§ WORK INSTRUCTION:
All lines below between the line with "270-gallon tote SKU: OE322NS-270G" and the line with "A before and", including both, must be copied exactly, and the pictures must be omitted.

§ SUPPLIED RECORDS:
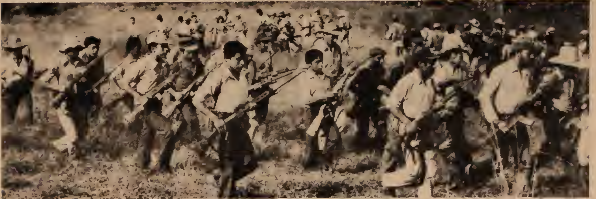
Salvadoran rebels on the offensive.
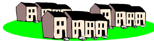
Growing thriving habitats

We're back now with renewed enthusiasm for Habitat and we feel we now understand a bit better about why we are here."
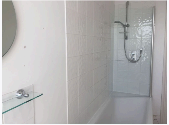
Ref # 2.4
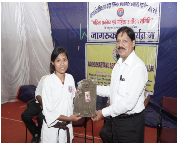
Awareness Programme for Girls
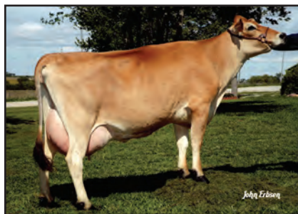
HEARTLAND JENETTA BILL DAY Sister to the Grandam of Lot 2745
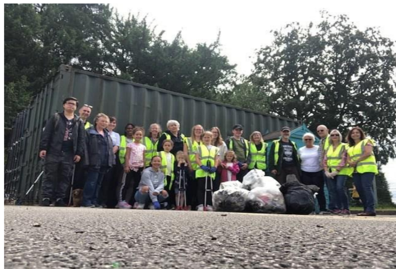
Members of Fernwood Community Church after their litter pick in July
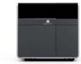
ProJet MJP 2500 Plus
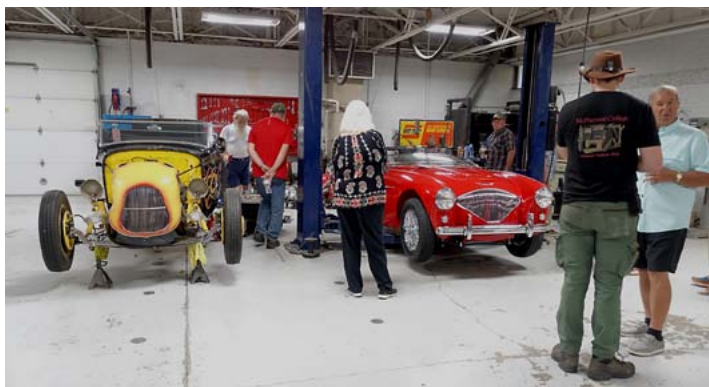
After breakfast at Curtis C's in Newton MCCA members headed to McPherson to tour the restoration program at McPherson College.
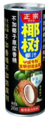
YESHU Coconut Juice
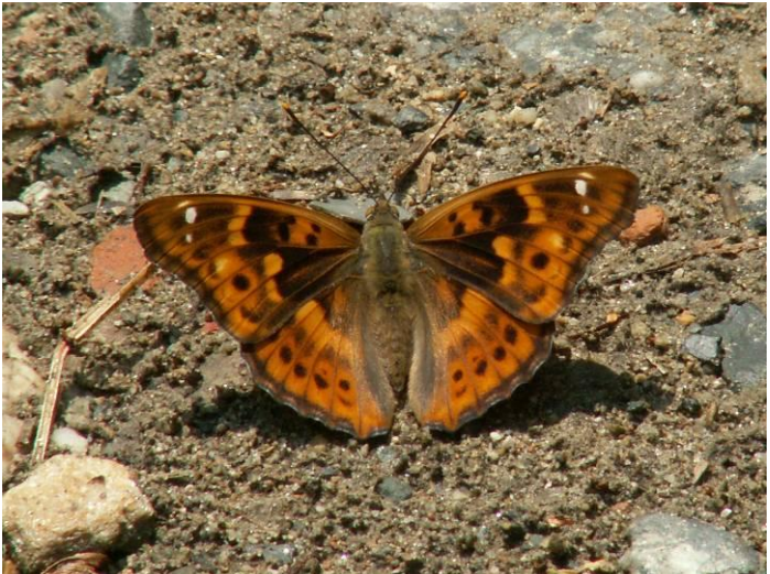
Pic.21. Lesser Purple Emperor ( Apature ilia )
* * *
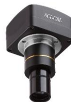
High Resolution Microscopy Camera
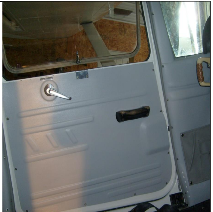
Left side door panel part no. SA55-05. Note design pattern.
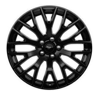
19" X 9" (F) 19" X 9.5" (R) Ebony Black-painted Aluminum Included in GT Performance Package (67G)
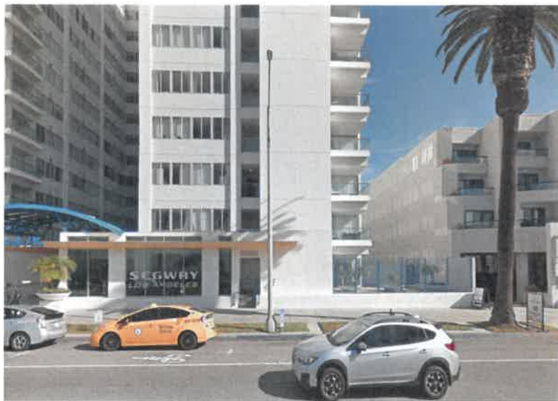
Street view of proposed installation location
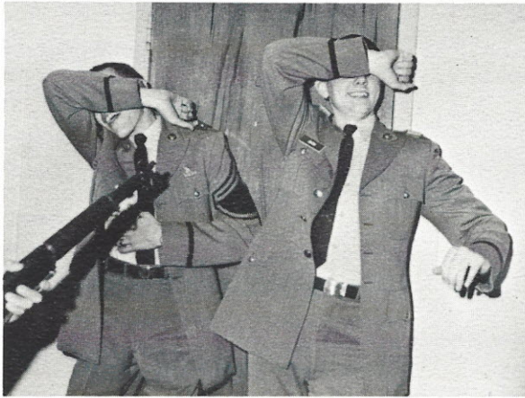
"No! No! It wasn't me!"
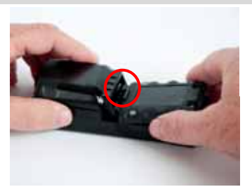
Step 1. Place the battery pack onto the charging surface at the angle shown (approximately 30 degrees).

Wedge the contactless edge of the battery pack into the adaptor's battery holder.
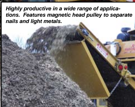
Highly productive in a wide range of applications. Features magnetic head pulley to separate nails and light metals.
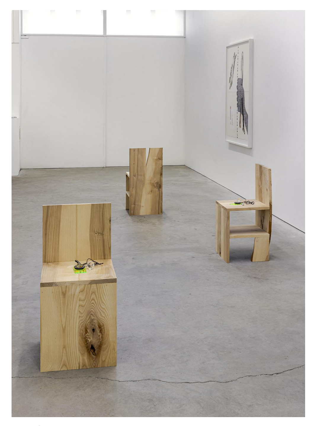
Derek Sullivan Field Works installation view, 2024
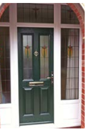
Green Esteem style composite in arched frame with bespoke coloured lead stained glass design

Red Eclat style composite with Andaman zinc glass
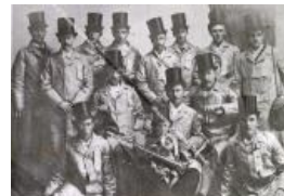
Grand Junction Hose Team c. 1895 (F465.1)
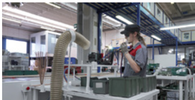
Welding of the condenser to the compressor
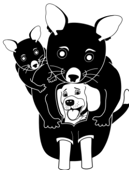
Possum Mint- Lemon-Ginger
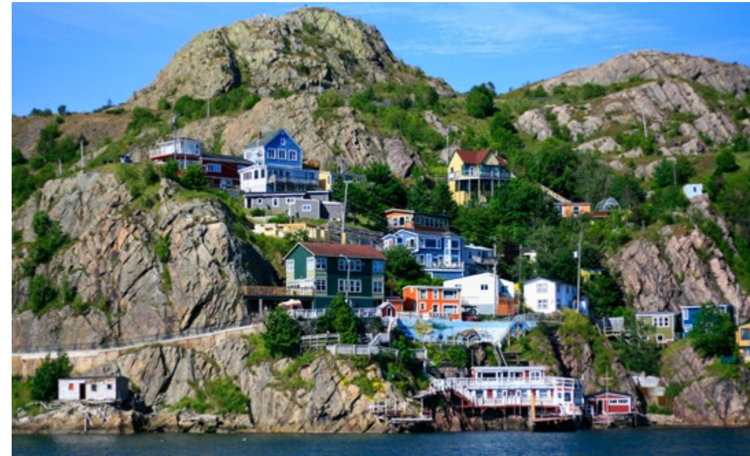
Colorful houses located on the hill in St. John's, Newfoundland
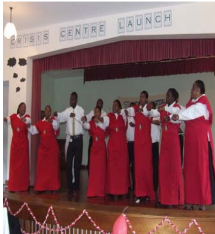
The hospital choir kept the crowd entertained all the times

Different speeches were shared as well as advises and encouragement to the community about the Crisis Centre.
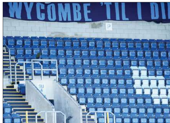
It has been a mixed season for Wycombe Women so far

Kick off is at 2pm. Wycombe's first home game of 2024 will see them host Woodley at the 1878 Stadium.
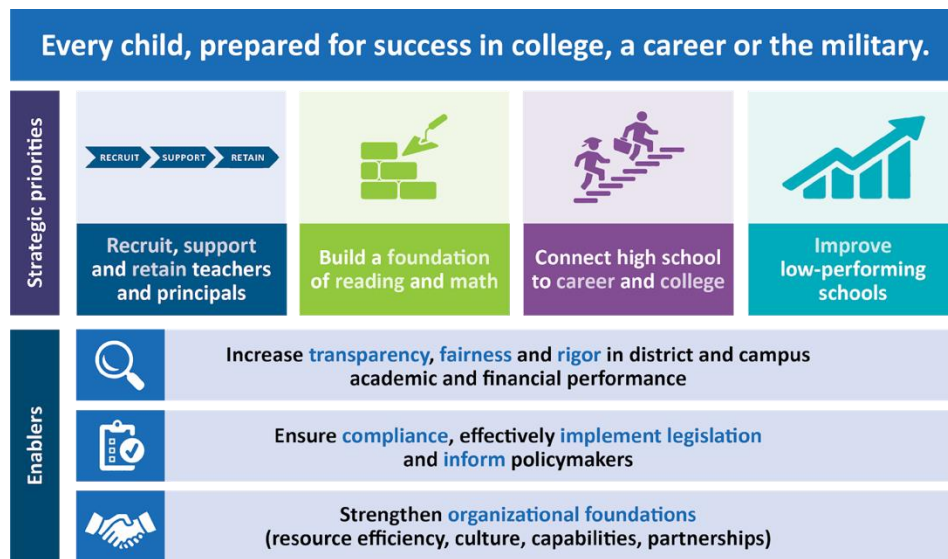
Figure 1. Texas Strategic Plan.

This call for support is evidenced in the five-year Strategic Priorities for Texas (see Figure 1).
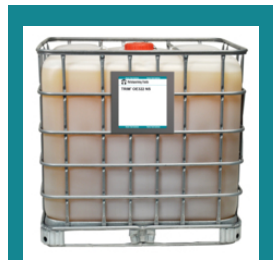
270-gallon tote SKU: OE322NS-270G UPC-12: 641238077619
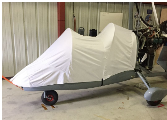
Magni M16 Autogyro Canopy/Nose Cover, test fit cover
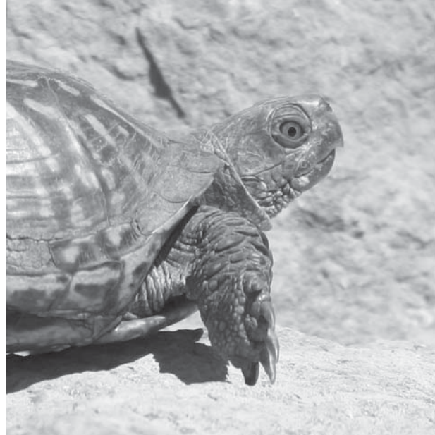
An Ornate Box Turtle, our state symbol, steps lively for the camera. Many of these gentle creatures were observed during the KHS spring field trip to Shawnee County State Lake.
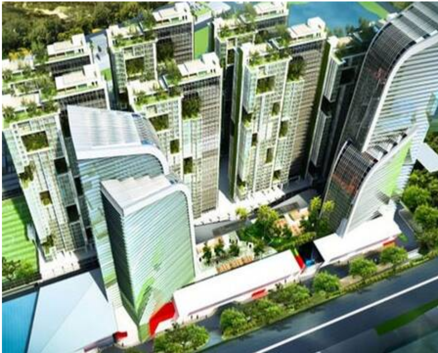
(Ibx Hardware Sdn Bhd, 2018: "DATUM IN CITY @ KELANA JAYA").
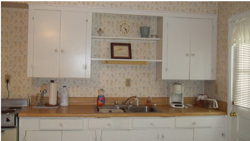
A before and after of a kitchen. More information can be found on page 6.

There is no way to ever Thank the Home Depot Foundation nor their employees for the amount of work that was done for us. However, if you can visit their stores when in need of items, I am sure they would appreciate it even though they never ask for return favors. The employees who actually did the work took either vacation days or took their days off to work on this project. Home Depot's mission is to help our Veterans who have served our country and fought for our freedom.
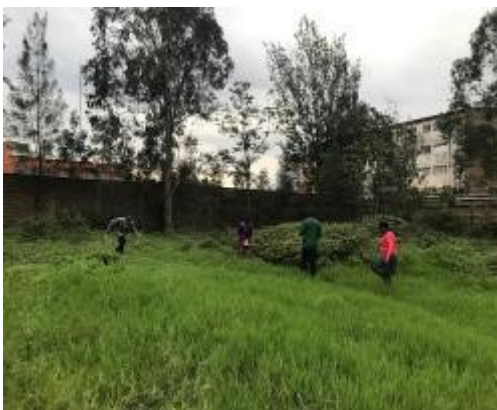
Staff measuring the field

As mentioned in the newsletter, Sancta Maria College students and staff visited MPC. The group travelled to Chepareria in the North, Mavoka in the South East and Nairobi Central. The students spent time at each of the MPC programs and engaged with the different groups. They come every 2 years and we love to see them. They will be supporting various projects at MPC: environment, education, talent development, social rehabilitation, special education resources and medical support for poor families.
--
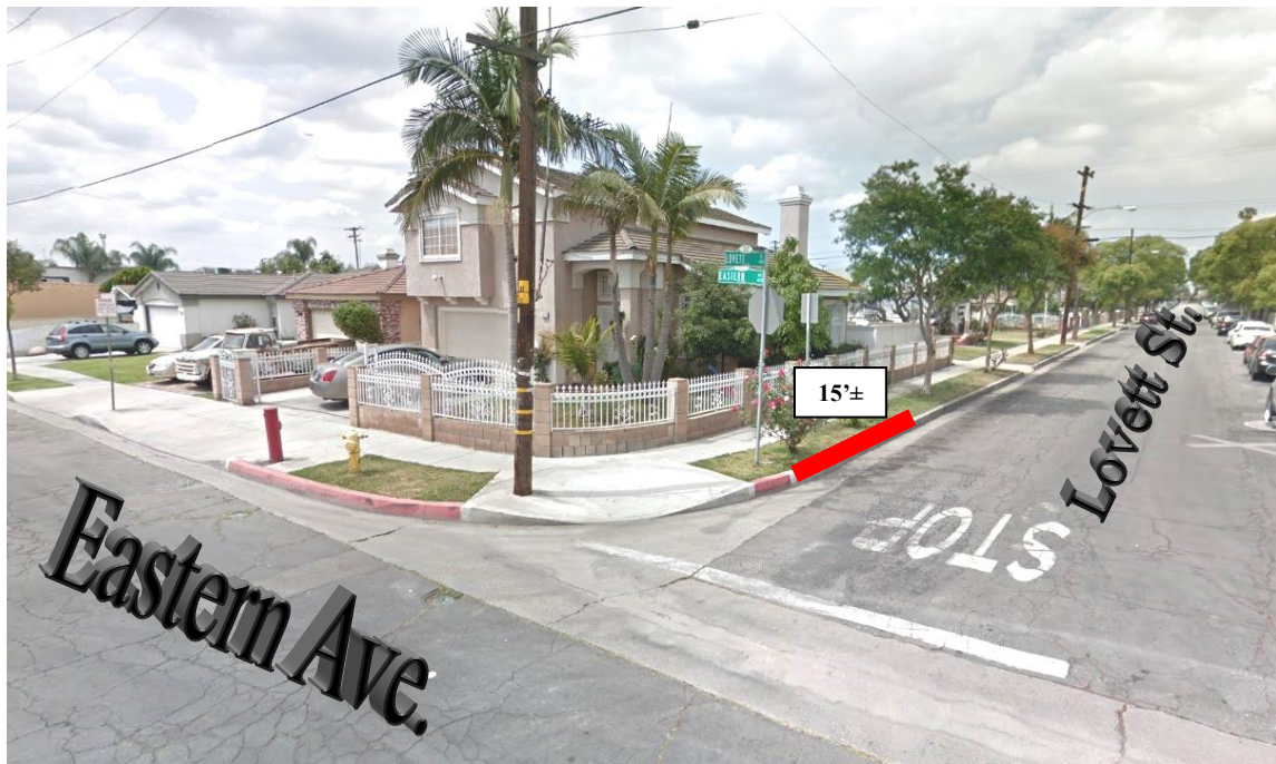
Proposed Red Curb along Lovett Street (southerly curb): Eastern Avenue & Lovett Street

§ EXERCISE ANSWER:
270-gallon tote SKU: OE322NS-270G UPC-12: 641238077619
Magni M16 Autogyro Canopy/Nose Cover, test fit cover
An Ornate Box Turtle, our state symbol, steps lively for the camera. Many of these gentle creatures were observed during the KHS spring field trip to Shawnee County State Lake.
(Ibx Hardware Sdn Bhd, 2018: "DATUM IN CITY @ KELANA JAYA").
A before and after of a kitchen. More information can be found on page 6.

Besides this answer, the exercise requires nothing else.